122.15
Fathers, Welfare and Gender
This paper examines macro-level social policy influences on national variations in men’s roles as fathers across different ‘worlds of welfare’. It begins by identifying a paradox. On the one hand, the paper illustrates that the mid-1970s represented a historical turning point in social policy responses to the changing nature of fatherhood. On the other hand, national variations in the social politics of fatherhood have been largely overlooked by comparative welfare state analysis, with the notable exception of Hobson et al (2002), who proposed a typology of ‘policy regimes and fatherhood regimes’. The paper addresses this paradox by locating fatherhood as a central concern of what Orloff (2010) identified as the “two intellectual big bangs” of social policy comparison: namely ‘gender studies’ and ‘welfare regime analysis”. It does so through historical analysis of the social policy treatment of fathers and non-resident fathers in selected Nordic, Anglo-Saxon and East-Asian regimes and at the meta-level of European Union parental leave and gender equality directives.
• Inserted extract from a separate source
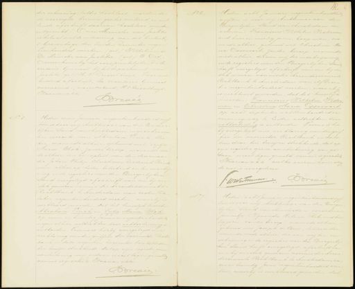 Heden zeven Januari negentienhonderd vijf„ tien is door mij Ambtenaar van den Burger. lijken stand van Amsterdam ingeschreven ten verzoeke van Abraham Vinck, blee ker, wonende alhier, gehuwd met Sijtje Maria Blok, zonder beroep, wonende me„ de alhier, een bij exploit van den deurwaar- der Johan Philip Christiaan Diederich Brink man, alhier op heden beteekend en ter inschrij- ving in de registers van den Burgerlijken stand overgelegd afschrift van een bij ver stek gewezen vonnis der Arrondissements Rechtbank te Amsterdam van zestien Oc tober negentienhonderd veertien, waarbij is verklaard geworden, dat het huwelijk tusschen 10 Abraham inck en Sijtje Maria Blok op zeven en twintig Januari negentienhonderd negen alhier voltrokken, door echtscheiding is ontbonden, Tevens is hierbij overgelegd eene verklaring van den griffier der voormelde Recht„ bank in dato negentien December laatstleden, ten bewijze strekkende, dat op zijn register geene aanteekening van gedaan verzet tegen gemeld vonnis is geschied. Waarvan akte Bredee Heden, acht Januari negentienhonderd vijf tien is voor mij, Ambtenaar van den Burger lijken stand van Amsterdam verschenen 8 Jannetje Wijnanda Helena Rib, oud twin tig jaren, zonder beroep, wonende alhier, gehuwd met Joseph de Bree, letterzetter wonende mede alhier, die aan mij ter in schrijving in de registers van den Burgerlij ken stand heeft overgelegd, afschrift van een bij verstek gewezen vonnis der Arron dissements Rechtbank te Amsterdam van zes en twintig Juni negentienhonderd veer tien, waarbij is verklaard geworden, da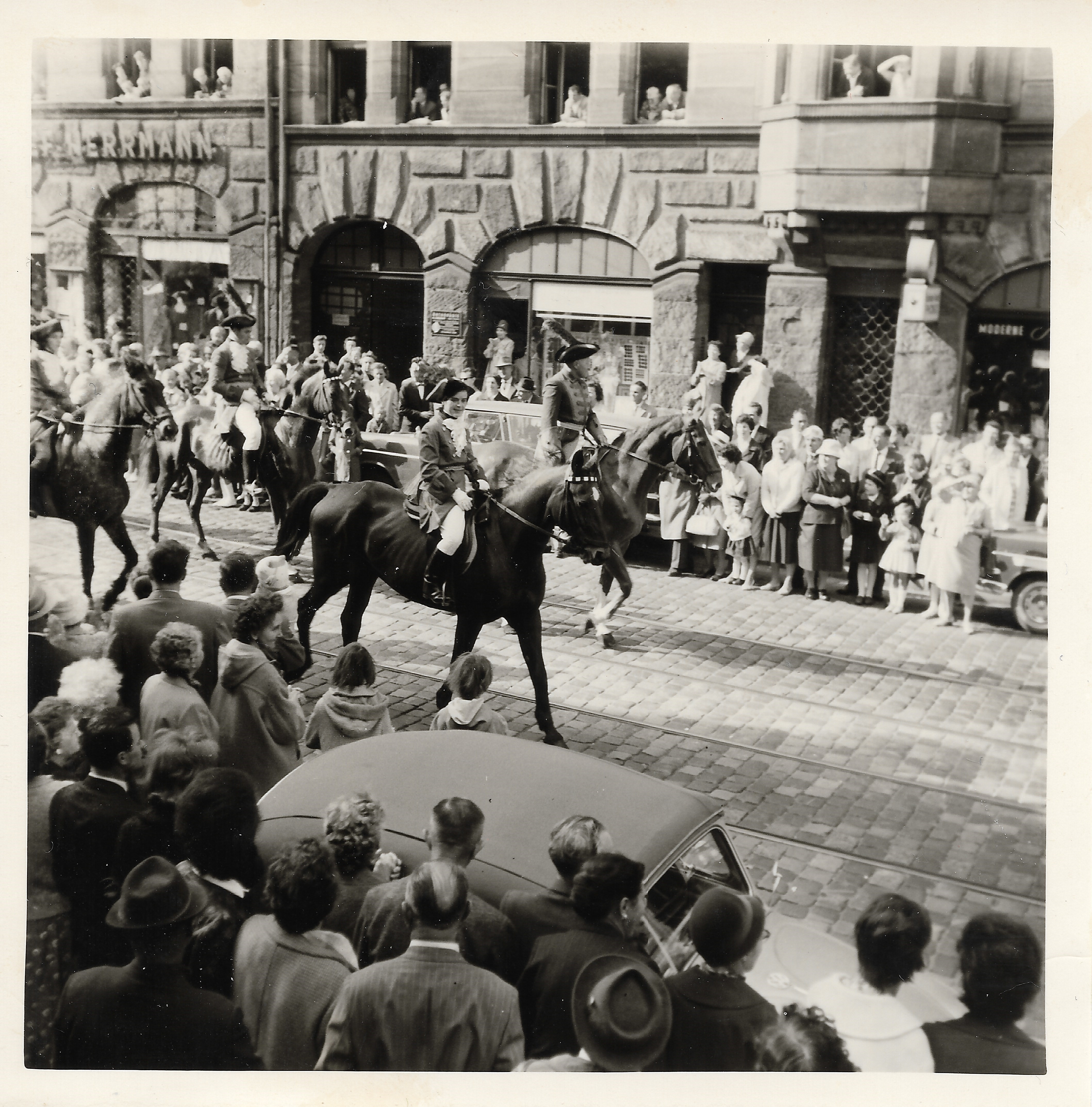 | Beschreibung | Erntedankfestzug in der Schwabacher Straße, 1962 | ||

The analysis serves to illustrate the idea of a continuum of ‘two worlds’ of father regimes, typified at one end by the gender-egalitarian ‘father friendly’ regime in Sweden and at the other end by the targeted regime in the USA, which impacts most forcefully on a residuum of non-maintenance paying fathers. The paper concludes by discussing whether and how welfare states served to erode the patriarchal power of fathers during what Therborn (2004) identified as the long process of ‘de-patriarchalisation’, and by considering to what extent we are witnessing a feminist backlash in new discourses of re-patriarchalisation.